Directions = Please repeat exactly the lines from the one containing "アクリル製なので「折る」こと" through the last line of the records, both included, and nothing else, leaving out any pictures.

Data excerpts:

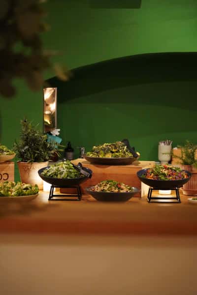 På Food Club er der rigeligt af alt – bortset fra madspild. Der er altid noget for enhver smag. Både kød, fisk og vegetarisk. Hovedessensen er grøntsager. Bordet er jeres så lang tid I ønsker. Alt er inkluderet – også drikkevarer.
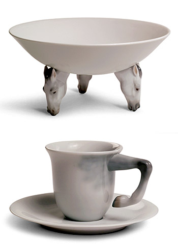 Sperlain设计的“EQUUS创品系列”。 该系列以马为元素进行再创作,由一组早餐系列作品组成,包括了茶壶、咖啡杯、调味瓶、茶杯、黄油碟、餐巾扣、早餐碗等等,另外还有开信刀、放大镜等作品。所有这些作品均包含有一个共同元素——马蹄,在这组作品中或作为杯子把手,或作为餐碟的装饰。 与雅致其他作品一样,“EQUUS创品系列”也是在其西班牙总部全手工制作而成的。从最初的草图设计到最后的高温窑烧,每一个制作工艺均由艺师精心完成。 “一日之计在于晨”,雅致希望通过“EQUUS创品系列”倡导更为优雅精致的生活。 (资料照片) | |
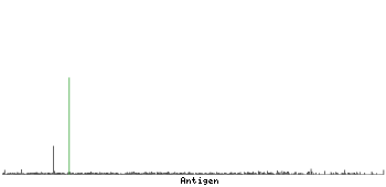 At the top of the view, the position of the antigen (identified by the corresponding HPA identifier) is shown as a green bar. A yellow triangle on the bar indicates a <100% sequence identity to the protein target.
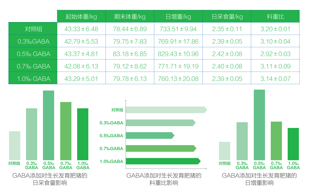 实验结果表明:GABA对发育猪有增重作用,日增重有明显的提高,采食量效果也有所提高,其中0.5%GABA添加水平效果较佳,与对照组相比,日增重和日采食量有明显提高,料比重显著降低。
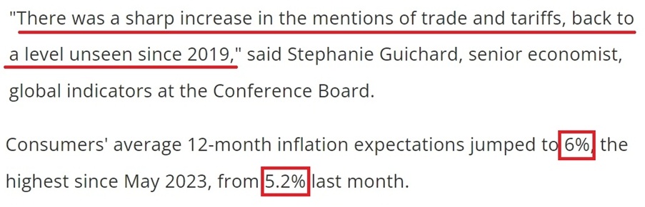在美國CCI以三年半以來的最大速度惡化的同時,美國消費者對未來一年的通脹預(yù)期也從5.2%大幅升高至6%,達到2023年5月以來的最高水平。這進一步顯示,美國人對特朗普政府政策可能對經(jīng)濟造成的負面影響越來越擔憂。
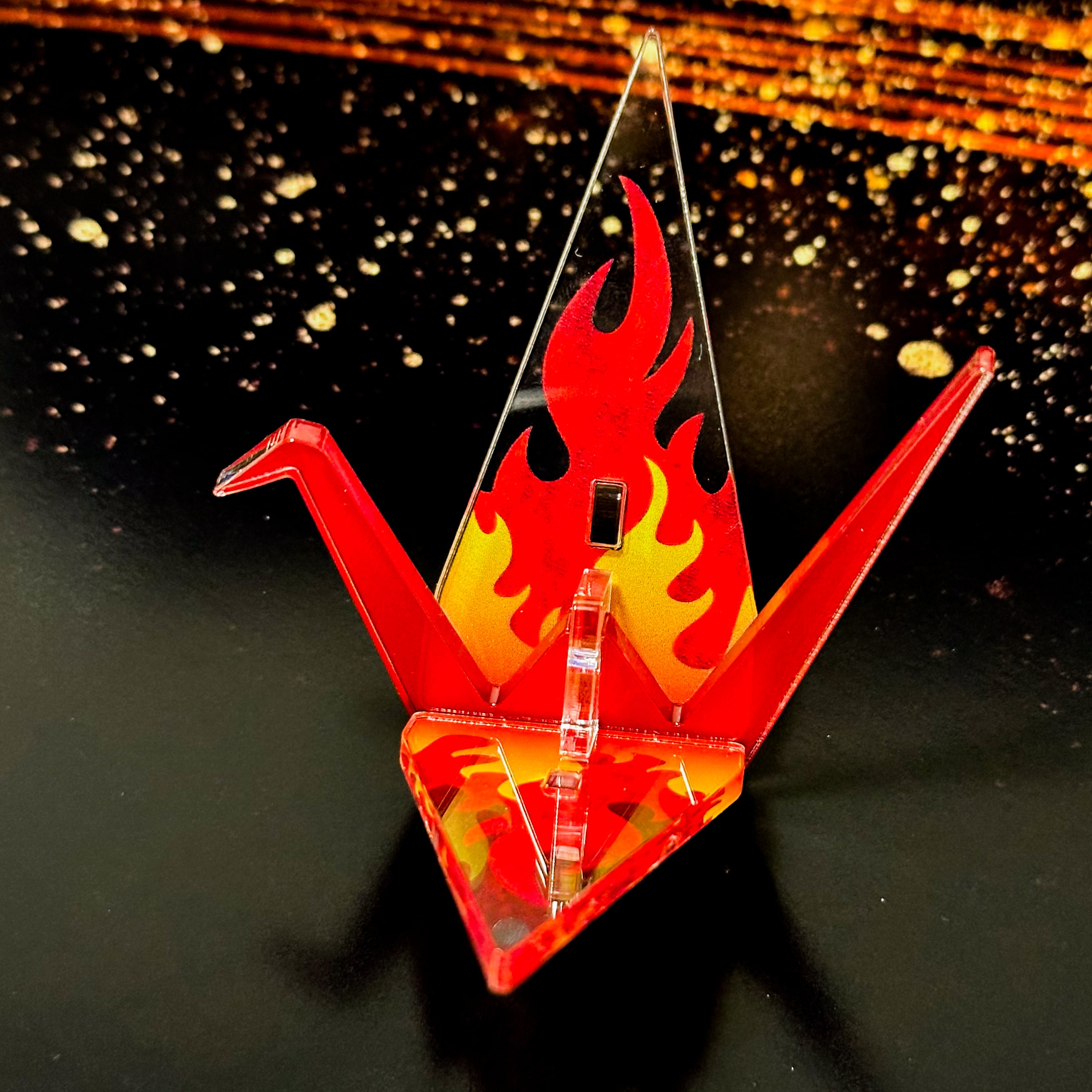 アクリル製なので「折る」ことは出来ないけれど、自分で「つくる」楽しみも感じられる簡単な組み立て式にしています。組み立てる前は一枚の板状になっているので、持ち運びにも邪魔になりません。紙の折り鶴も良いけれど、透明感と安定感の良さはアクリルならでは。ずっと手元に置いてもらえる、色褪せない、耐久性をテーマにしています。
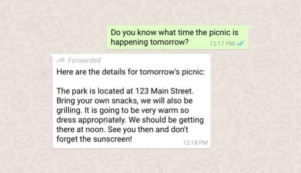 حصل تطبيق واتساب على تحديث جديد خاص بطريقة ظهور الرسائل، حيث أن التحديث أضاف خاصية تُتيح معرفة الرسائل التي تم إعادة ارسالها Forwarded بعد وصولها للمستخدم ولم يتم كتابتها بشكل خاص.
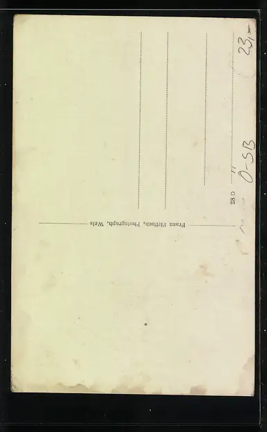 Personenbezogene Daten auf der Rückseite der Karte wurden durch blauen Textmarker unkenntlich gemacht. Die blauen Stellen sind auf die Vorderseite durchgeweicht und wirken sich negativ auf das Postkartenfoto aus

Answer to the problem =
 アクリル製なので「折る」ことは出来ないけれど、自分で「つくる」楽しみも感じられる簡単な組み立て式にしています。組み立てる前は一枚の板状になっているので、持ち運びにも邪魔になりません。紙の折り鶴も良いけれど、透明感と安定感の良さはアクリルならでは。ずっと手元に置いてもらえる、色褪せない、耐久性をテーマにしています。
 حصل تطبيق واتساب على تحديث جديد خاص بطريقة ظهور الرسائل، حيث أن التحديث أضاف خاصية تُتيح معرفة الرسائل التي تم إعادة ارسالها Forwarded بعد وصولها للمستخدم ولم يتم كتابتها بشكل خاص.
 Personenbezogene Daten auf der Rückseite der Karte wurden durch blauen Textmarker unkenntlich gemacht. Die blauen Stellen sind auf die Vorderseite durchgeweicht und wirken sich negativ auf das Postkartenfoto aus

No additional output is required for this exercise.